As I just indicated, I'm a mere mortal; so some of the terminology
you're using here is throwing me.  When I hear "hyper context", my gut
instinct is to think "he's advocating some sort of application of the
hyperoperator".  Is that what you mean, or would the substitution of a
bag for a list in a "for" statement qualify as "hyper context"?

Or maybe you mean something like the use of a junction in a "given"
statement as the parallelized equivalent of a "for" statement?

  for @x { ... }         # executes the block for each element of @x in series
  given all(@x) { ... } # executes the block for each element of @x in parallel

> As for the other part of the proposal, a parallel smartmatch would
> need new comb syntax for the compound pattern--I wouldn't overload
> given/when for that.  Or maybe just make a way to attach a mapreduce
> action to any leg of a junction or hyperoperator.

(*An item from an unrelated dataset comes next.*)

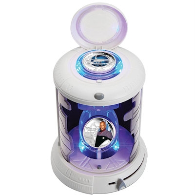 Das Set besteht aus zwei in Proof-Qualität geprägten Silbermünzen, die jeweils 1 oz Feinsilber enthalten (Feingehalt 999/1000). Wenn sich der Transporter öffnet, sieht man sich Captain Sisko gegenüber und es entsteht ein Beam-Effekt. Die Münze mit der Raumstation ist in den Deckel eingelassen. Beide sind mit Farbapplikationen detailreich gestaltet.

Again, I'm not up on the terminology being used here.  But if I'm
getting the gist of it right, the following is in the spirit of what
you're suggesting:

Introduce a function that does given/when-type smart-matching, but
geared around pattern/code Pairs: e.g.,

  match $x: 1..3 => { dothis() }, 4..6 => { dothat() }

  # equivalent to:

  given $x {
    when 1..3 { dothis() }
    when 4..6 { dothat() }

Then you could use a junction of Pairs in place of a single Pair to
smart-match the patterns in parallel:

  match $x: 1..3 => { dothis() } & 2..4 => { dothat() }

  # smart-matches 1..3 and 2..4 in parallel

> In any case, we need
> to make sure it's easy to place such a parallel comb of matchers at the
> pointy end of a feed, and if the source of the feed is also executing
> in parallel, make sure the feed can be optimized to a full crossbar
> based on packet destination.

In the above example, you might say:

  @x».match 1..3 => { dothis() } & 2..4 => { dothat() }


  match any(@x): 1..3 => { dothis() } & 2..4 => { dothat() }

in order to get a full crossbar.

> It's also possible that we should discourage syntactic parallel
> matching in favor of parallel polymorphic dispatch, given that
> signatures can also express patterns.  Might need to tweak the current
> multiple dispatch rules a bit though if we want dispatch ambiguity
> to express nondeterminism.  In any case, real mapreduce situations
> are often generated dynamically, and cannot easily be expressed in
> a syntactically fixed set of options.

No idea what you're talking about here.